[INPUT DATA — start]

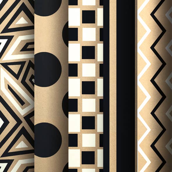 A simple range of eco friendly plain printed kraft papers. Printed on FSC™ certified recycled brown kraft paper with non-toxic water based ink and fully recyclable. Rolls are 3m x 70cm, supplied in units of 12 rolls in brown cartons (of one design, please choose your design). Rolls come wrapped in a recycled and recyclable film. All our wraps are designed, printed and converted by us in the UK. Also available assorted in display cartons, or in flat sheets 50 x 70cm which is more economical for shipment outside the UK.
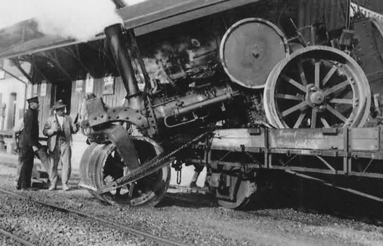 The local Thun roller was being moved by rail on one occasion and unfortunately came to grief at Oberdiessbach station on the Emmental-Burgdorf-Thun railway, presumably when it was either being loaded - or more likely off-loaded.
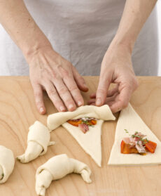 Per preparare i cornetti croccanti, stendete la pasta da pane e tagliatela in triangoli. Sistemate alla base pezzetti di peperone agrodolce, cubetti di pancetta o speck ed erbe aromatiche e arrotolate. Arcuate le punte dei cornetti. Salate la superficie e infornate per 15-20 minuti.
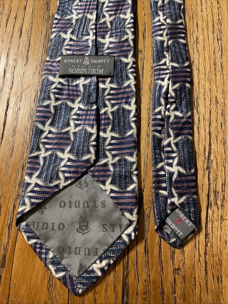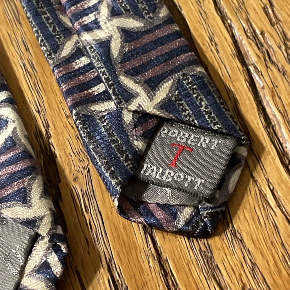 This vintage Robert Talbott Studio silk tie is a designer piece hand sewn in the USA. The geometric pattern in multicolor is perfect for a preppy style, making it a classic accessory for men. Made from 100% silk fabric, this tie exudes quality and sophistication, a luxurious addition to any man's wardrobe.
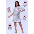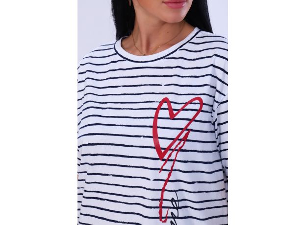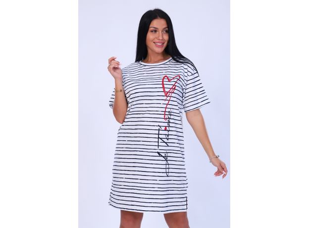 Туника женская из трикотажного полотна с набивным рисунком, полуприлегающего силуэта. На полочке расположен принт. Горловина округлой форма, обработана обтачкой. Рукав короткий, цельнокроеный. Низ изделия и рукавов подогнут.
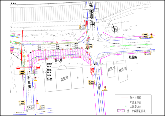 第一階段:對桂花路(福保隧道-香樟道段)南半幅(靠紅樹福苑側(cè))進行封閉占用施工,北半幅臨時調(diào)整為三車道,一車道西行(進保稅區(qū)方向),兩車道東行(出保稅區(qū)方向)。行人及非機動車輛可通過現(xiàn)狀公園側(cè)人行道或紅樹福苑退線空間通行。自4月20日起,本階段預(yù)計持續(xù)施工60天。
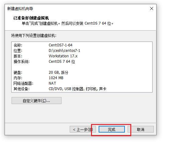 「位置」:选择虚拟机文件的存放路径,示例:D:\ceshi\centos7-1
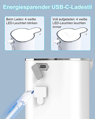 【Ricarica rapida USB】Il dispenser di sapone può essere ricaricato completamente in 2 ore con il cavo USB Type-C (incluso) e può essere utilizzato per più di 60 giorni quando è completamente carico. La lunghissima durata della batteria è un vantaggio pratico, che consente di risparmiare il costo e il fastidio di cambiare le batterie.
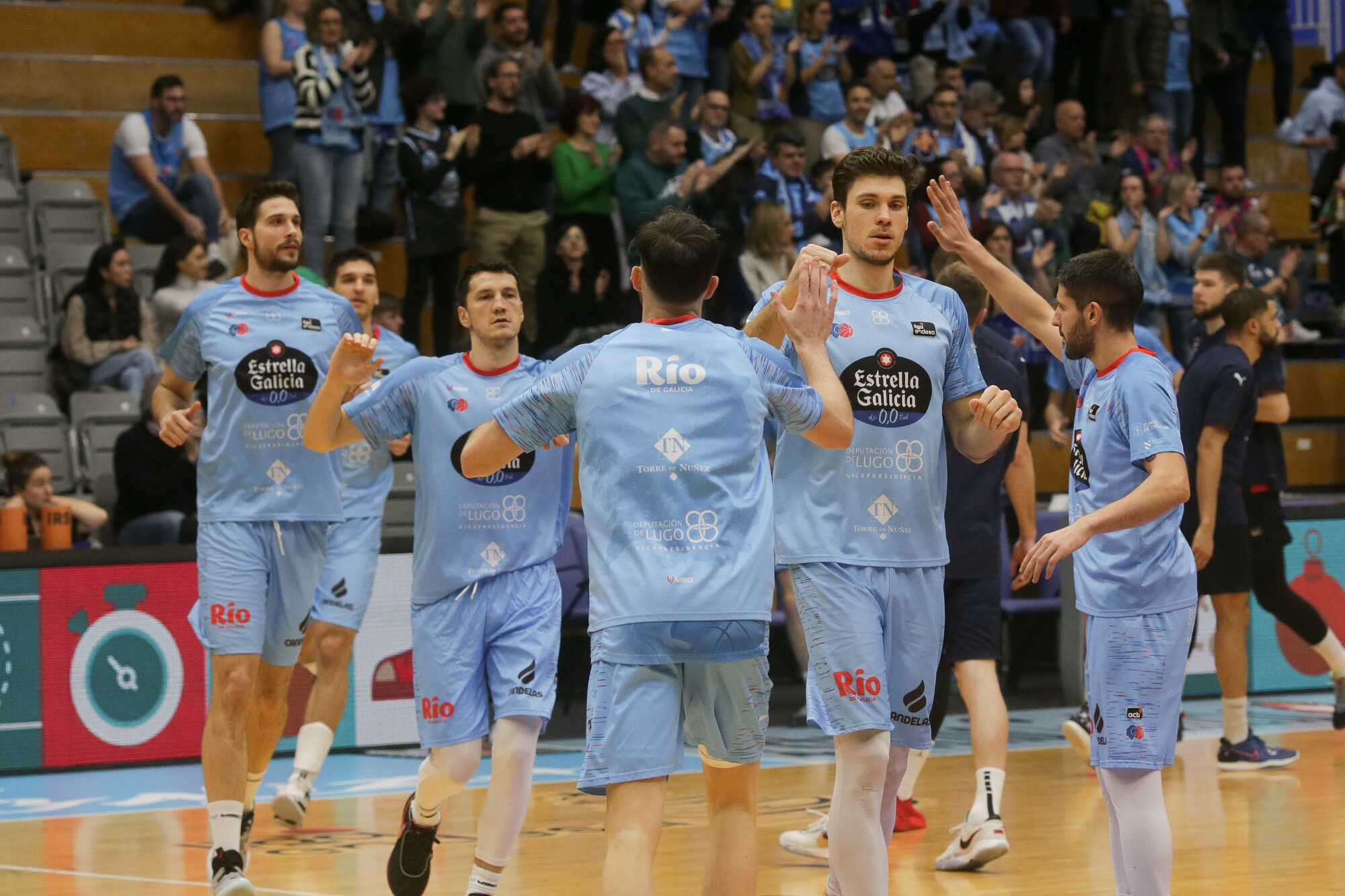 Ambiente espectacular en el Pazo, desde el choque de puños entre los dos capitanes, siguiendo con el cántico 'a capela' del himno gallego y hasta este arranque de partido. Pero para disfrute, el de Distrito acb...
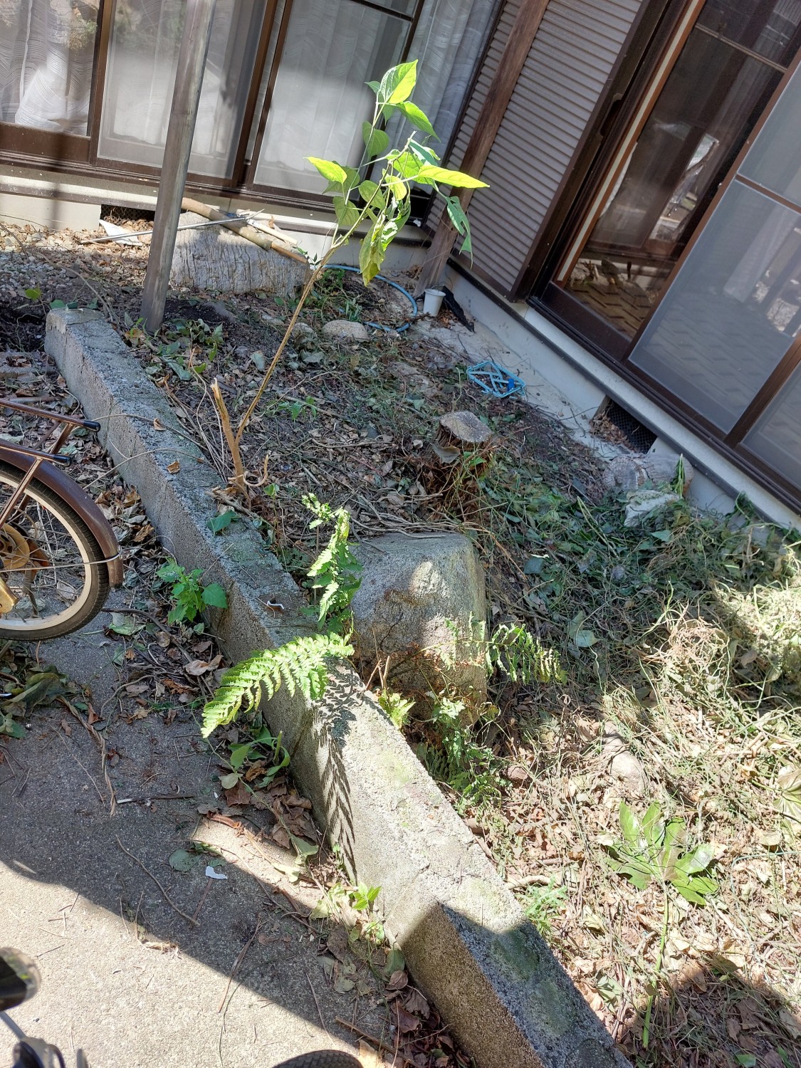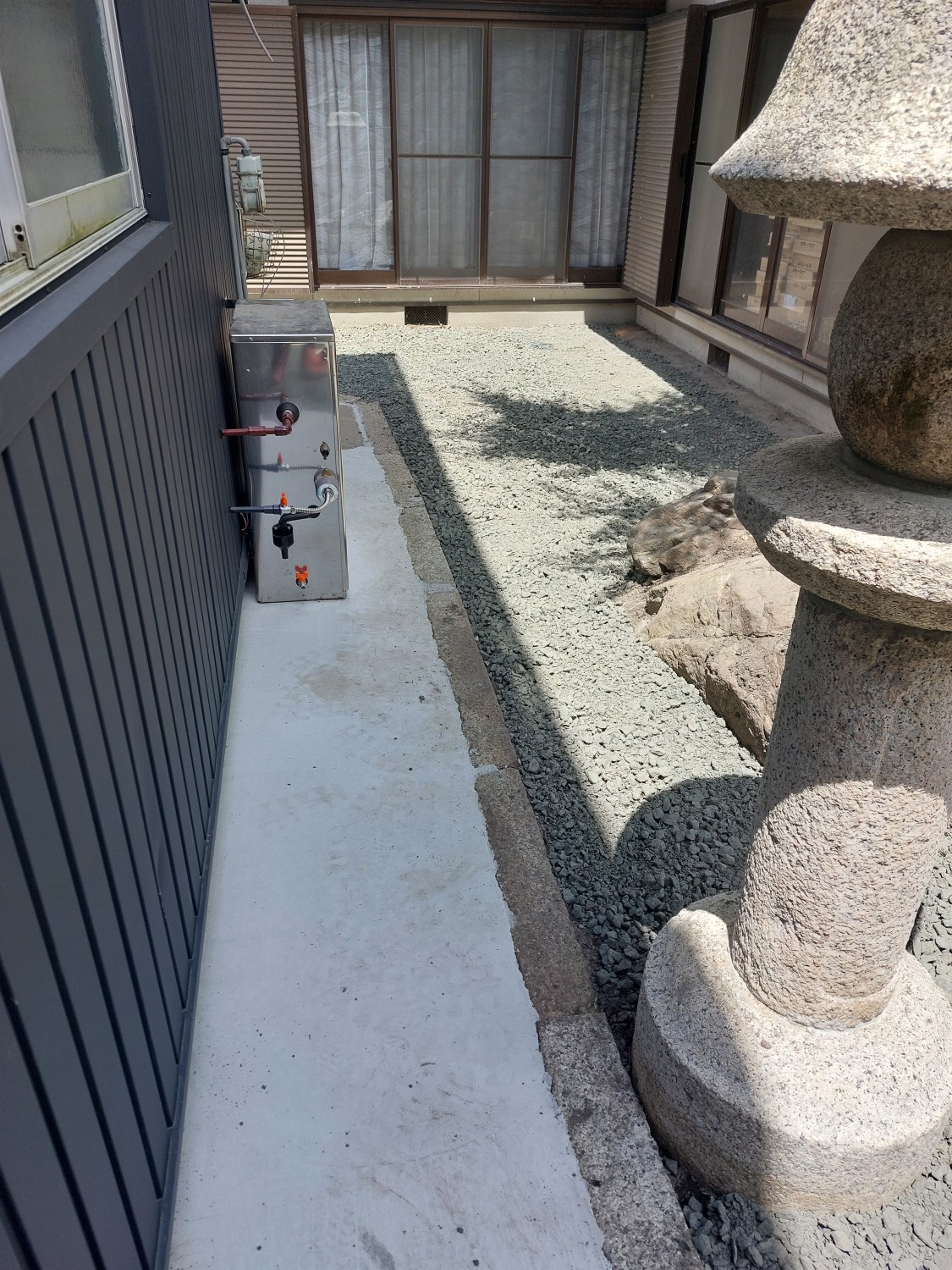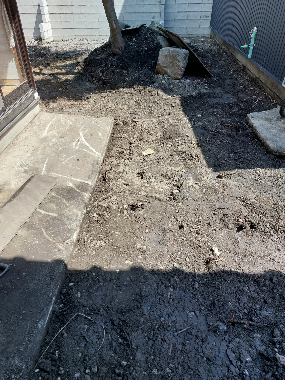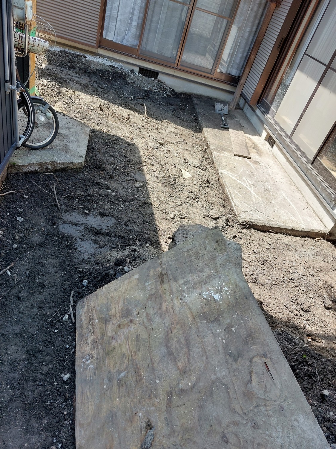 アスファルト下の陥没(地盤沈下)の修復及び埋設のブロック・飛び石・ラティス・アスファルト・垣根の撤去をおこない、土を鋤取り整地してから、砕石(C-30)を敷いてならしました。

[INPUT DATA — finish]

■ EXERCISE DESCRIPTION: Line by line and exactly, reproduce the span from the line with "第一階段:對桂花路(福保隧道" through the end of the data above, both ends included, with pictures left out.

■ ANSWER FOR THIS EXERCISE:
 第一階段:對桂花路(福保隧道-香樟道段)南半幅(靠紅樹福苑側(cè))進行封閉占用施工,北半幅臨時調(diào)整為三車道,一車道西行(進保稅區(qū)方向),兩車道東行(出保稅區(qū)方向)。行人及非機動車輛可通過現(xiàn)狀公園側(cè)人行道或紅樹福苑退線空間通行。自4月20日起,本階段預(yù)計持續(xù)施工60天。
 「位置」:选择虚拟机文件的存放路径,示例:D:\ceshi\centos7-1
 【Ricarica rapida USB】Il dispenser di sapone può essere ricaricato completamente in 2 ore con il cavo USB Type-C (incluso) e può essere utilizzato per più di 60 giorni quando è completamente carico. La lunghissima durata della batteria è un vantaggio pratico, che consente di risparmiare il costo e il fastidio di cambiare le batterie.
 Ambiente espectacular en el Pazo, desde el choque de puños entre los dos capitanes, siguiendo con el cántico 'a capela' del himno gallego y hasta este arranque de partido. Pero para disfrute, el de Distrito acb...
 アスファルト下の陥没(地盤沈下)の修復及び埋設のブロック・飛び石・ラティス・アスファルト・垣根の撤去をおこない、土を鋤取り整地してから、砕石(C-30)を敷いてならしました。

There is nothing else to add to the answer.